Jean de Léry and the First Reformed Mission
On March 7, 1557, a French ship landed into Guanabara Bay, near modern-day Rio de Janeiro, carrying fourteen French Protestant men ready to bring the gospel to this new continent. One of them, 23-year-old Jean de Léry, kept a detailed journal. These men, according to Léry, were sent in response to a request by Nicolas Durand, Chevalier de Villegagnon, a former Knight of Malta who had founded a colony in Guanabara the previous year. Villegagnon sent his request directly to John Calvin, whom he had met while they were both students. Calvin responded promptly.
Sending preachers for the spiritual sustenance of colonists or commercial ventures was a common practice at that time.

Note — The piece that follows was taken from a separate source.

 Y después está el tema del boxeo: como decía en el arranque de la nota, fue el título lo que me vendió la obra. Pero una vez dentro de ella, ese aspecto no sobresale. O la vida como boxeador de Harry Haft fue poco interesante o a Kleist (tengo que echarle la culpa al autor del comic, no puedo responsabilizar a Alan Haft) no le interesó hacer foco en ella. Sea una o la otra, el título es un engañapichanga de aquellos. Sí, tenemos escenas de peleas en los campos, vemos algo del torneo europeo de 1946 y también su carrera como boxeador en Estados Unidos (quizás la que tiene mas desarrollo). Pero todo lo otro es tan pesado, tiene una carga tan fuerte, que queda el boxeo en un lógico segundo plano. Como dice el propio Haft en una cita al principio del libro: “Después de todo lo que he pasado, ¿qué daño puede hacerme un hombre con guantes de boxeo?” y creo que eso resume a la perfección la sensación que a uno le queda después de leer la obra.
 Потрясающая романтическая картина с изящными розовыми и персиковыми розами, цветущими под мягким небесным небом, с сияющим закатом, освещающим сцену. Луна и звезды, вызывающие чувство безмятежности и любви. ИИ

But while this group of men included two ministers, the others were equally “anxious to establish the pure service of God”[1] both in the colony and among the Tupi people, one of the largest groups of indigenous people in Brazil at that time. Their mission, as the two ministers explained it, was “to establish a Reformed church according to the word of God in that country.”[2]
Villegagnon received them with eagerness, thanking God for their arrival and confirming their mission: “Because I want our church to be renowned as the best reformed of all, from now on I intend that all vices be repressed, that sumptuousness of apparel be reformed and, in short, that everything that could prevent us from serving God be removed from our midst.” He explained that he wanted his colony to become a refuge for victims of religious persecution in Europe, so that, fearing neither king, nor emperor, nor any other potentates, they can serve God purely according to his will.”[3]

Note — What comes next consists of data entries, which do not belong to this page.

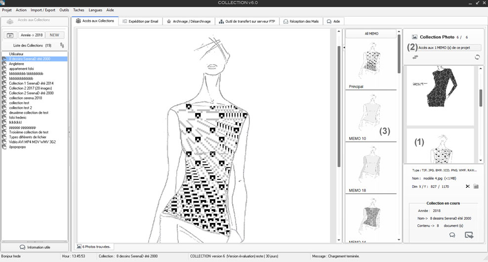 • Sélection d'une collection , 8 dessins SerenaD été 2000 (dans l'exemple ci-dessus)
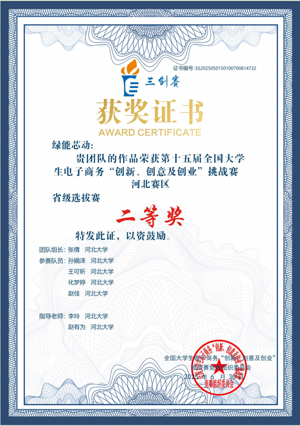在第十五届全国大学生电子商务“创新、创意及创业”挑战赛中,K体育·「中国」官方网站项目《冀地绿源——新型薄膜电池对电极材料探索者》(指导教师:李玲、赵有为)获得河北省二等奖。
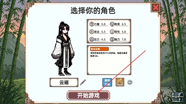 在角色选择界面,选定云瑶这个角色后,确认她的属性以及御本还真技能,点击开始游戏就能进入游玩环节。
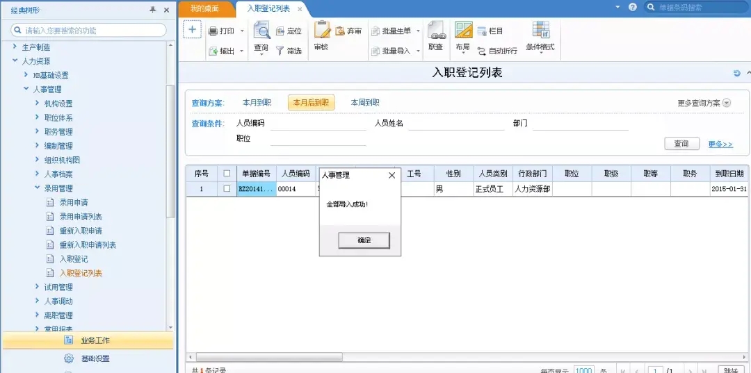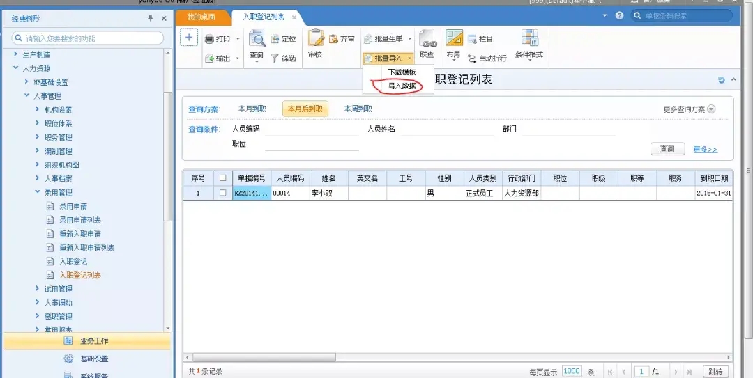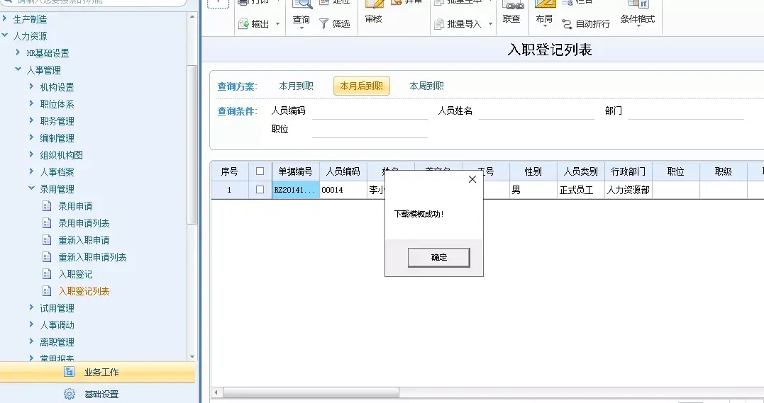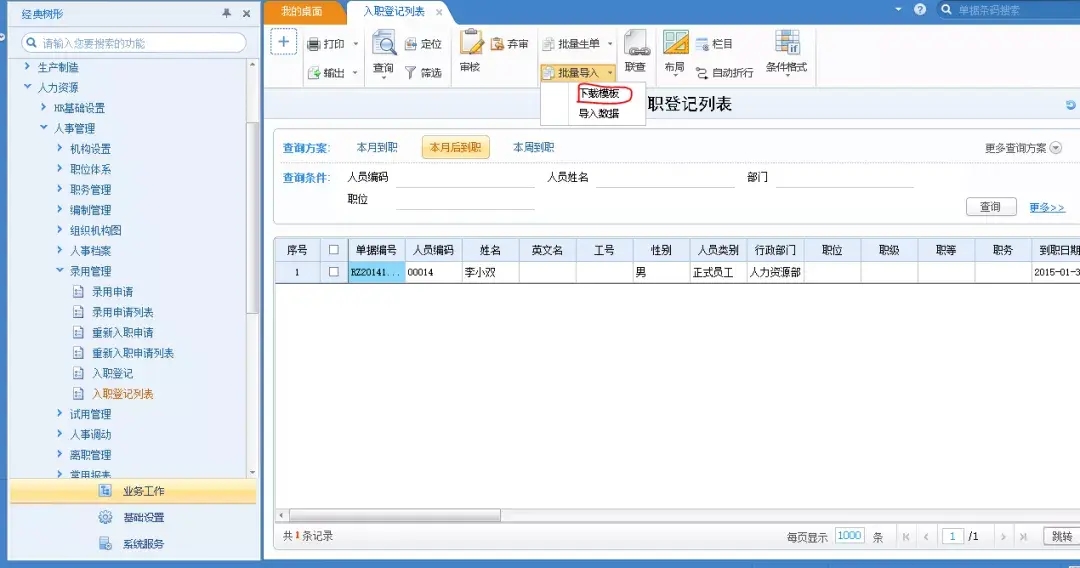 1、下载模板 进入入职登记列表,选择批量导入-下载模板

His intentions didn’t last long, and he soon found himself clashing with the newcomers, particularly about the Eucharist (although Villegagnon rejected the doctrine of transubstantiation, he didn’t agree with Calvin’s views either). The disagreement escalated to the point that, after only eight months, Villegagnon had three of the fourteen men killed and plotted to kill the rest. The survivors then moved near the Tupi where they lived for two months in improvised shacks until the next commercial ship left for France. This allowed Léry to immerse himself in the Tupi culture, as disorienting as it was for a foreigner who didn’t speak their language.
When the ship arrived, it was leaky and unstable, so much that, only a few days into their journey, five of the Frenchmen decided to abandon the ship and take a boat back to shore. Three of them were then killed by Villegagnon, who had given to the captain a letter for the French authorities, instructing them to burn the whole group of French Protestants as heretics. The captain of the ship revealed the plot to the Frenchmen, and the burning was averted.
The ship ended up drifting off course. When their provisions ended, both crew and passengers had to survive on whatever they could find on board, including boiled leather, chamois garments, and tallow candles – while working hard to keep the boat afloat.
Pastor and Author
Once the ship arrived in Europe, Léry traveled back to Geneva to finish his studies, then returned to France as a pastor, serving in different communities. He married around the same time, but nothing is known of his wife.
In the meantime, France was devastated by its Wars of Religion, and Lévy barely escaped the massacre of Protestants on Saint Bartholomew’s Day, 1572. He moved to the town of Sancerre, only to be caught with others in an eight-month-long siege that reduced the population to starvation. Besides providing pastoral care, Léry taught the people what he had learned in his travels about survival on whatever was available: from dogs and cats to mice, rats, boiled leather, and parchment. He recounted shockingly the disturbing stories of a family who ate the flesh of their little daughter who had died and soldiers who ate the bodies of that had been killed in war.
After the war, Léry wrote an account of the siege. In 1578, he published his History of a Voyage to the Land of Brazil. This book was motivated by an accusation by André Thevet, a Franciscan friar who had pointed at the fourteen Frenchmen as the reason for the wreck of the French colony.
The cover of this book included a verse that illustrated the original desire of Léry and his companions: “I will praise thee, O Lord, among the people: and I will sing praises unto thee among the nations” (Psalm 108:3).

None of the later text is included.